→ Given data:

--

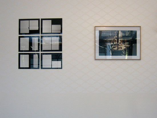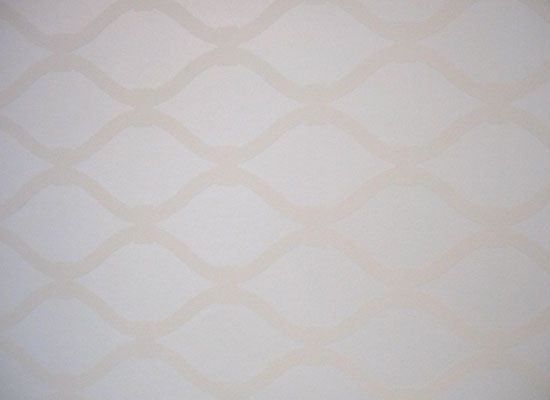 Les ouvertures architecturales présentes dans l’espace d’exposition sont retranscrites par des aplats de peinture blanche satinée sur une cimaise blanche mate. Selon le lieu dans laquelle elle est réalisée, cette peinture murale dessine les motifs répétitifs d’un rideau métallique, des carreaux d’une fenêtre ou des empreintes de banchage. Fantomatique, elle révèle des tensions paradoxales entre le report systématique des percées de lumière du jour et l’illusion ainsi créée. Empruntant à la peinture Pop le processus sériel et l’effet décoratif de représentation du réel, l’intervention s’apparente tout autant à une abstraction purement géométrique. S’infiltrant insidieusement en toile de fond d’expositions collectives, elle pose à la fois le doute sur sa véritable nature et sur le lien de cohabitation quelle entretient avec les oeuvres voisines. Presque indiscernable, la pièce créée le trouble dans une recréation plus que plausible de la réalité, celle d’un reflet dont la lumière du jour ne perturbe pourtant pas la fixité.
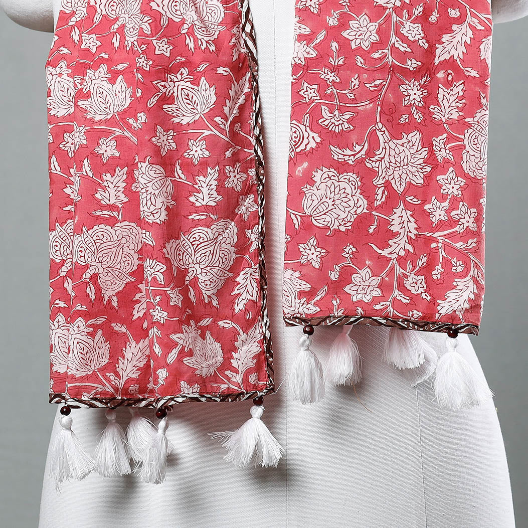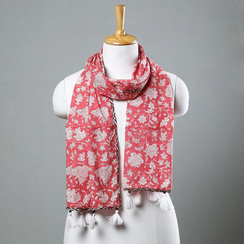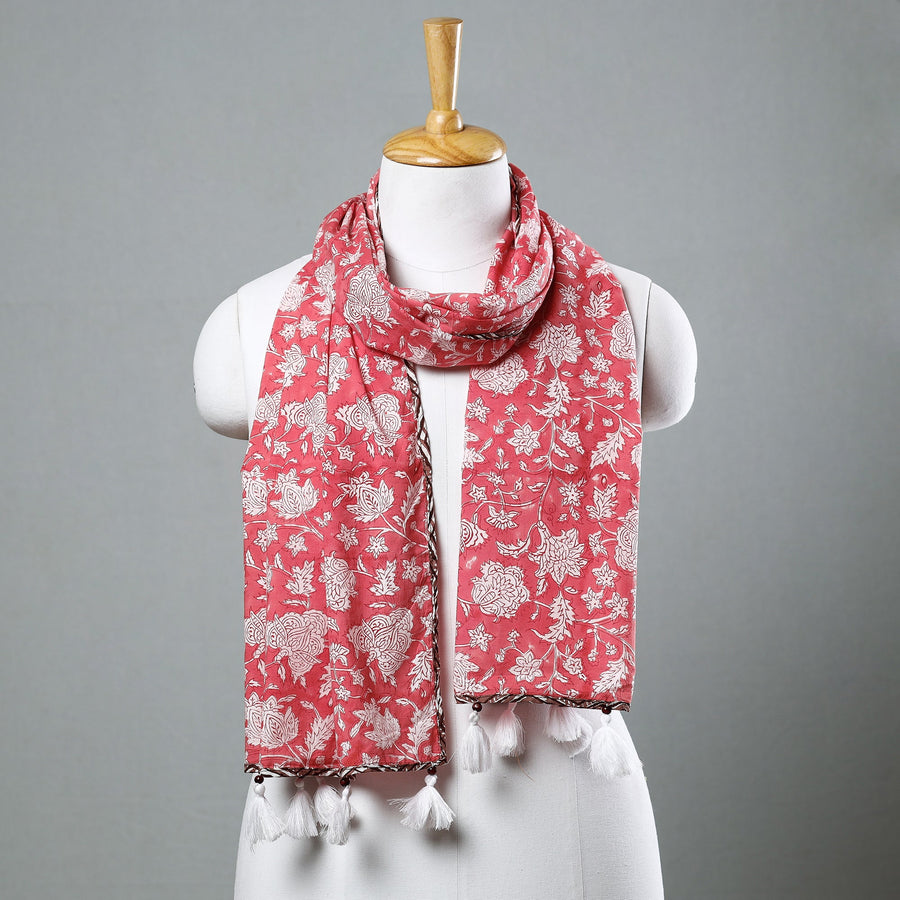 Elevate your style with this fine quality delicate floral sanganeri block printed cotton stole with tassels. This stole features intricate floral patterns, also known as 'Buttas', which are exclusive to sanganeri prints. The elaborate detailing of the flowers and petals showcases the artistry of this hand-block printing technique originating from Sanganer, Rajasthan. The use of bleed-free VAT dyes ensures the longevity and vibrancy of the colors. Add a touch of elegance to your wardrobe with this exquisite piece of craftsmanship.
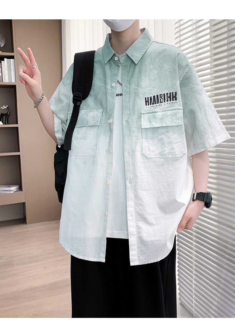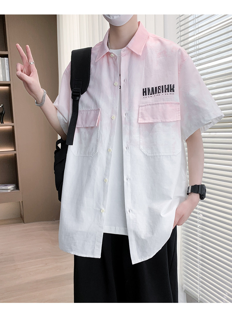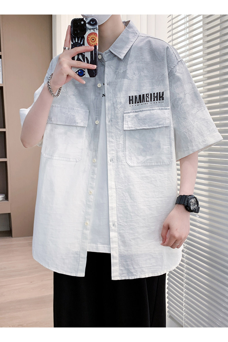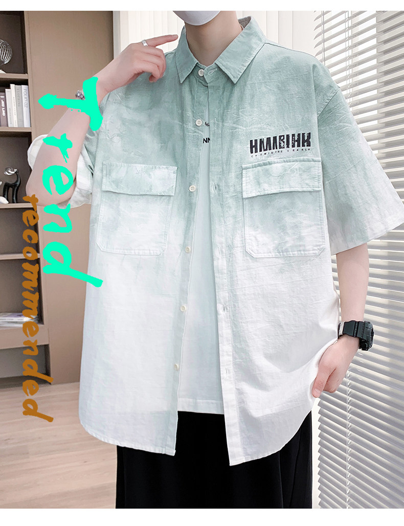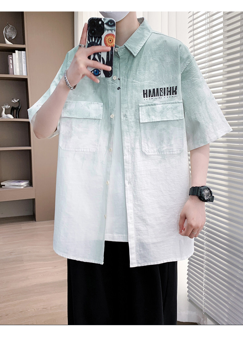 Gradient Color Pure Cotton Short-Sleeved Shirt Men's Summer Trendy Brand Loose Half-Sleeved Shirt for Teenagers, Junior High School and High School Students

--

→ Requirement: With the pictures omitted, reproduce the data above exactly.

→ Expected answer:
 Les ouvertures architecturales présentes dans l’espace d’exposition sont retranscrites par des aplats de peinture blanche satinée sur une cimaise blanche mate. Selon le lieu dans laquelle elle est réalisée, cette peinture murale dessine les motifs répétitifs d’un rideau métallique, des carreaux d’une fenêtre ou des empreintes de banchage. Fantomatique, elle révèle des tensions paradoxales entre le report systématique des percées de lumière du jour et l’illusion ainsi créée. Empruntant à la peinture Pop le processus sériel et l’effet décoratif de représentation du réel, l’intervention s’apparente tout autant à une abstraction purement géométrique. S’infiltrant insidieusement en toile de fond d’expositions collectives, elle pose à la fois le doute sur sa véritable nature et sur le lien de cohabitation quelle entretient avec les oeuvres voisines. Presque indiscernable, la pièce créée le trouble dans une recréation plus que plausible de la réalité, celle d’un reflet dont la lumière du jour ne perturbe pourtant pas la fixité.
 Elevate your style with this fine quality delicate floral sanganeri block printed cotton stole with tassels. This stole features intricate floral patterns, also known as 'Buttas', which are exclusive to sanganeri prints. The elaborate detailing of the flowers and petals showcases the artistry of this hand-block printing technique originating from Sanganer, Rajasthan. The use of bleed-free VAT dyes ensures the longevity and vibrancy of the colors. Add a touch of elegance to your wardrobe with this exquisite piece of craftsmanship.
 Gradient Color Pure Cotton Short-Sleeved Shirt Men's Summer Trendy Brand Loose Half-Sleeved Shirt for Teenagers, Junior High School and High School Students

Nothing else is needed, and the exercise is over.